1. The Visitor: 2007/Richard Jenkins
Walter, a widowed college professor, travels to New York City to attend a conference and finds a young illegal immigrant couple, Tarek and Zainab living in his apartment. While an uneasy friendship forms between them, the relationship becomes complicated when Tarek is arrested and Walter tries to help prevent deportation.
The movie sensitively presents the issue of immigration and illegal immigrants without too much political statement. The richness of moments and dialogue between the characters is what takes the movie to a level of deeply appreciating the various paths each human takes while journeying through life.
I would like to see this as a book to better “hear” each character’s thoughts, perhaps presented in the new chapter omniscient format.
2. The Interpreter: 2005/Nicole Kidman, Sean Penn
Political intrigue and deception at its best. Set inside the United Nations, Nicole Kidman plays an interpreter who overhears an assassination plot and CIA agent Sean Penn is assigned to investigate whether there is validity to her claim. Both are hurting from personal losses and form a bond from their mutual pain.
I would like to see this as a book because it is an intelligent thriller that explores aspects of an unknown field of work to me: United Nations interpreter. There are twists and turns to the plot that would make it a definite page-turner. And while Penn and Kidman’s characters are attracted to each other there is no distraction of a romantic relationship sideswiping the plot.
3. Flawless: 2007/Michael Caine, Demi Moore
Set in 1960s London, Michael Caine and Demi Moore both work for the London Diamond Corporation. Caine, a custodian about to retire, convinces Moore, the lone female executive who longs to break the glass ceiling, to get back at the company that has wronged them by lifting a few diamonds. A heist film of high caliber, exploring class and gender constraints.

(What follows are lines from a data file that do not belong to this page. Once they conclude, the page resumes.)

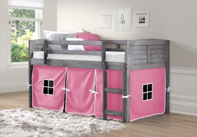 Donco Kids Louver Twin Loft Bed with Tent, Antique Gray/Pink
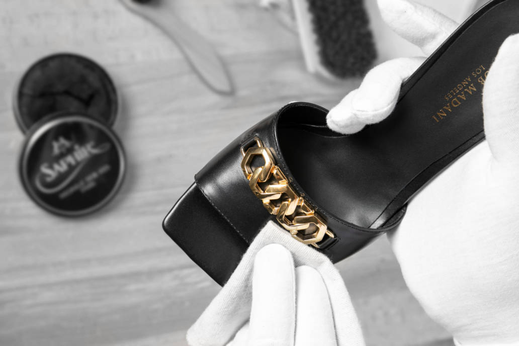 The finishing appears once the shoe is fully made. The shoe is carefully verified before this essential step. When the piece is ready, the artisan brushes, polishes and waxes the leather to give it its unique luster and shine.
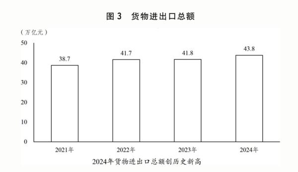 (六)加快建設更高水平開放型經濟新體制,高水平對外開放取得積極成效。全年貨物進出口總額43.8萬億元,服務進出口總額7.5萬億元,外商直接投資1162億美元,境外直接投資1438億美元。年末外匯儲備規模達32024億美元。
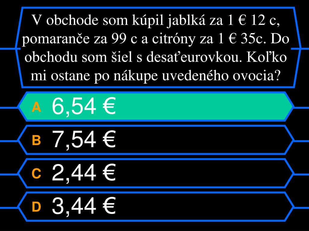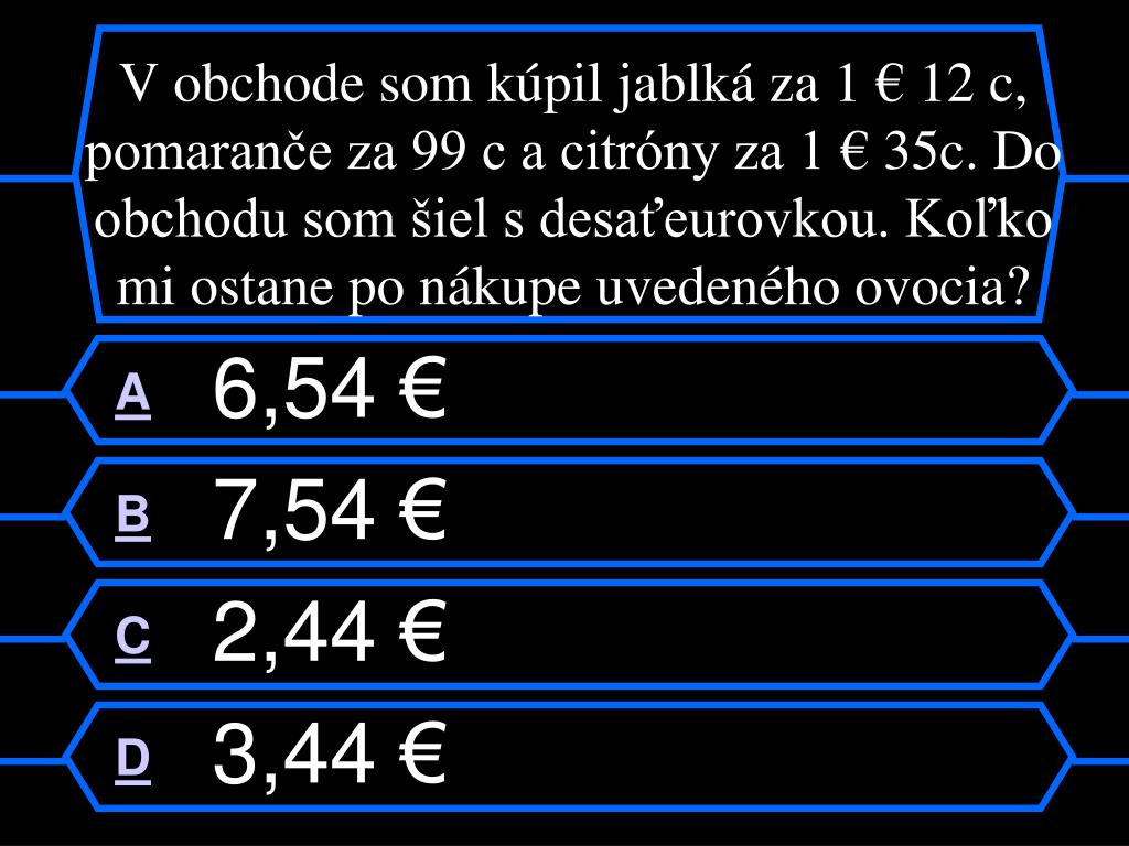 V obchode som kúpil jablká za 1 € 12 c, pomaranče za 99 c a citróny za 1 € 35c. Do obchodu som šiel s desaťeurovkou. Koľko mi ostane po nákupe uvedeného ovocia? A 6,54 € B 7,54 € C 2,44 € D 3,44 €

I would definitely like to see this as a book because who can resist an intelligent whodunit heist? No murder, per se, just well-written character portrayals with a death on the side. Oh yeah, all those diamonds disappearing is pretty good intrigue, too.

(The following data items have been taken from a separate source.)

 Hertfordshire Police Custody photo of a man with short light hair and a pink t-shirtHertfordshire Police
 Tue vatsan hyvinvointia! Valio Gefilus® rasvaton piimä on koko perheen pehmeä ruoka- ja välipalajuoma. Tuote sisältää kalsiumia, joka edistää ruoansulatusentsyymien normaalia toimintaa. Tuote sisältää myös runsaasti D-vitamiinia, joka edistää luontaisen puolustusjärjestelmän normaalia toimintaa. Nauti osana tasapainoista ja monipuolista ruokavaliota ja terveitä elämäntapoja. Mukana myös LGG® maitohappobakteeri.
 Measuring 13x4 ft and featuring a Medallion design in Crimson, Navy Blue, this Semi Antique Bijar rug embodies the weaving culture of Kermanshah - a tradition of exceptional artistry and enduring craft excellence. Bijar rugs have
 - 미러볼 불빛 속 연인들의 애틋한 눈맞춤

4. Finding Forrester: 2000/Sean Connery, Rob Brown
Rob Brown, in his first role, plays a high school basketball player who happens to be a writing prodigy. He hides his writing in journals he carries in his backpack. On a dare gone wrong, he inadvertently leaves his backpack in an apartment he and his friends explore. Sean Connery executes a fine performance as a reclusive author who wrote the Great American Novel and retired from writing and the world.
Actually this did come out as a book and held its own.

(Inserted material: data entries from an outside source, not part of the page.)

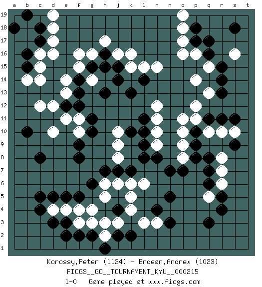 Last move : 1-0 2024 February 14 23:20:6 [Event "FICGS__GO__TOURNAMENT_KYU__000215"] [Site "FICGS"] [Date "2023.10.21"] [Round "1"] [Black "Korossy,Peter"] [White "Endean,Andrew"] [Result "1-0"] [Rating 1 "1124"] [Rating 2 "1023"] 1.q16 d16 2.c4 e4 3.e3 d4 4.d3 g4 5.c5 k4 6.c8 d10 7.q3 q5 8.r5 r6 9.r4 r8 10.n3 m3 11.r11 k16 12.k10 o17 13.p17 o16 14.r14 q10 15.k13 c14 16.n5 l6 17.n7 j8 18.l8 j10 19.f8 p14 20.q11 r10 21.q7 r7 22.q6 p11 23.p10 o11 24.p9 o10 25.q8 o9 26.p8 o8 27.o7 p12 28.s11 s10 29.s9 q15 30.r15 p16 31.q17 o18 32.p18 o19 33.k7 k6 34.j7 j9 35.m8 m12 36.l11 m11 37.l10 m10 38.l9 m9 39.g11 f11 40.g10 f10 41.h13 g14 42.c17 d17 43.c18 d18 44.b15 c15 45.b16 c16 46.a18 b14 47.b19 d19 48.g6 h5 49.g2 f3 50.f2 g3 51.j2 h3 52.k2 l3 53.b10 c12 54.l14 m15 55.j15 j16 56.h15 g16 57.h16 h17 58.g15 f16 59.f14 f15 60.f13 e14 61.e12 e13 62.f12 d12 63.f9 e11 64.f5 f4 65.d5 j6 66.h7 h6 67.e5 h2 68.h1 j3 69.e2 k5 70.j4 k15 71.j14 q13 72.r13 s16 73.s18 l15 74.m4 1-0 Follow this game move after move (download)You can hide nothing on the goban. (Pierre Audouard) Memory is a way of holding onto the things you love, the things you are, the things you never want to lose. (from the television show: The Wonder Years)
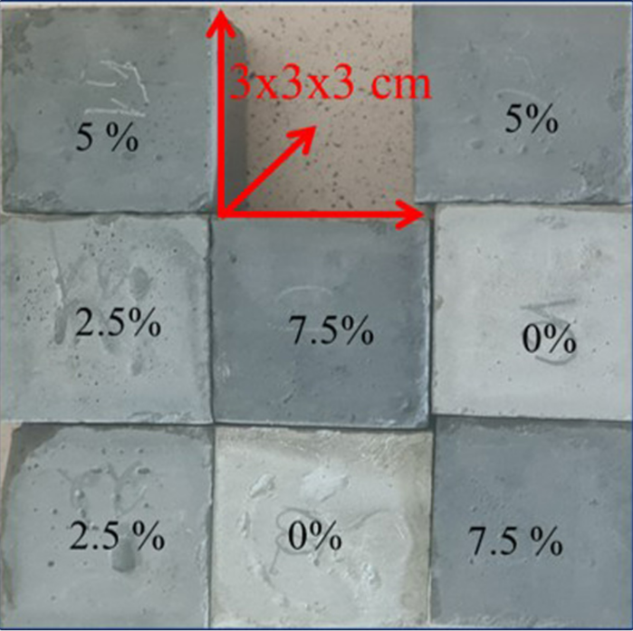 | ▲ 섬유재의 비율이 다양한 시멘트 샘플. © 카우나스 공과대학교 |
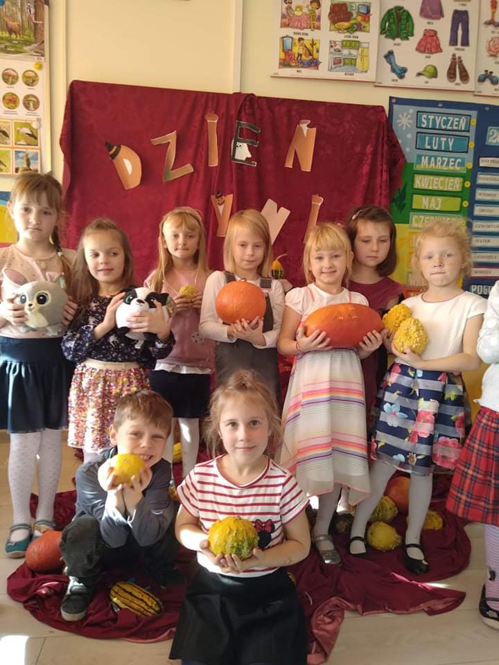 27 października br. w naszym przedszkolu obchodziliśmy Święto Dyni. Królowa Dynia towarzyszyła nam przez cały dzień. Dzieci poznały wartości odżywcze tego warzywa, dowiedziały się jakie potrawy można przyrządzić z dyni, zaglądnęły też do środka i poznały jej budowę. Dzieci z zapałem zabrały się również do prac plastycznych, powstały piękne prace. Ten dzień przyniósł wiele niezapomnianych wrażeń , ciekawości, odkrywania i zabawy co widać na zdjęciach poniżej.

One thing noticeable about my choices is they are about issues and relationships. CGI nowhere to be seen. Hmm, that says something, doesn’t it?
So–what movies to books are you hoping for at the library near you?
Just provide me with a well written book, a cup of tea and some chocolate … I really don’t care about its movie at all, just bring along another cup of tea and refill the chocolate bowl! Just thinking, though … a book is usually a solitary adventure whereas a movie is best enjoyed in the company of friends (and popcorn)?
True observation. Reading snatches from a good book to chosen companion is not the same thing, is it?
What good choices! I would love to read The Visitors as a novel, precisely for the same reason you point out – to hear the characters’ thought processes. What an interesting idea.